- **What the task asks**
Please set down exactly the lines from the one that contains "Roberta Roller Rabbit" through the end of the material, leaving out every picture.

- **Source data**
━━━━━━━━━━━━━━━━━━━━━━━━━━━━━━
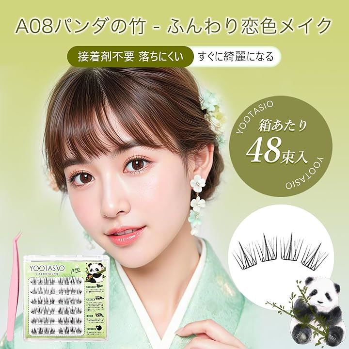 色: A08パンダの竹 - ふんわり恋色メイク サイズ: 6列定番人気タイプ+ナノピンセット |
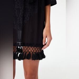 Roberta Roller Rabbit Lucknow Serafina Tunic Black Tassel Swim Cover Up Size M
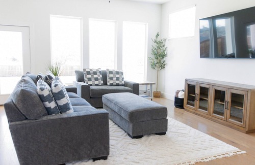 Welcome to our Little TX Home! This is a 2,500 sq ft fully furnished, brand new build in the heart of Celina, TX, with 3 beds, 2.5 baths, a full kitchen, and comfy living spaces. This home is full of light and thoughtfully curated amenities, including plush couches, large TVs, brand new mattresses, a washer and dryer, large back yard, games for the family, and necessities for your tiny little ones. Downstairs you will find a relaxing living room, a dining table with six seats, a half bath, and a spacious kitchen, featuring a bar with four stools. The large master suite with attached master bath and walk-in closet is located upstairs, along with a comfortable family/ TV room, full bath, and two more bedrooms. This home sits on a quiet street, backing up to open farmland and incredible views of stunning Texas sunsets. Located only a few blocks from historic downtown Celina and within a 10-15 minute drive to more incredible restaurants and shopping, family fun is never far!
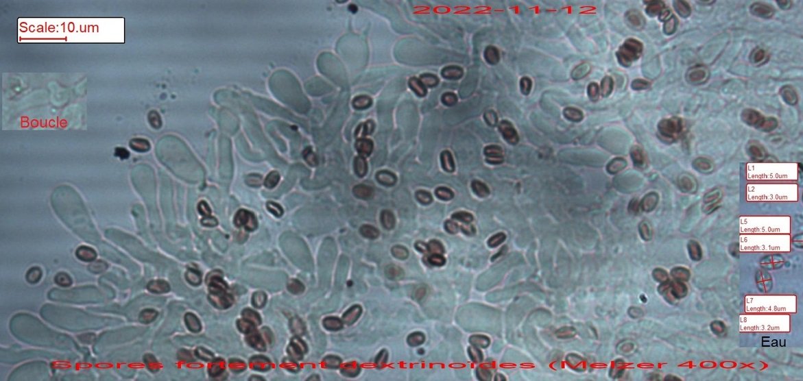 Spores 5 x 3µ fortement dextrinoîdes = Leucogyrophana mollusca (Fries) Pouzar.
━━━━━━━━━━━━━━━━━━━━━━━━━━━━━━
- **Solution**
 Roberta Roller Rabbit Lucknow Serafina Tunic Black Tassel Swim Cover Up Size M
 Welcome to our Little TX Home! This is a 2,500 sq ft fully furnished, brand new build in the heart of Celina, TX, with 3 beds, 2.5 baths, a full kitchen, and comfy living spaces. This home is full of light and thoughtfully curated amenities, including plush couches, large TVs, brand new mattresses, a washer and dryer, large back yard, games for the family, and necessities for your tiny little ones. Downstairs you will find a relaxing living room, a dining table with six seats, a half bath, and a spacious kitchen, featuring a bar with four stools. The large master suite with attached master bath and walk-in closet is located upstairs, along with a comfortable family/ TV room, full bath, and two more bedrooms. This home sits on a quiet street, backing up to open farmland and incredible views of stunning Texas sunsets. Located only a few blocks from historic downtown Celina and within a 10-15 minute drive to more incredible restaurants and shopping, family fun is never far!
 Spores 5 x 3µ fortement dextrinoîdes = Leucogyrophana mollusca (Fries) Pouzar.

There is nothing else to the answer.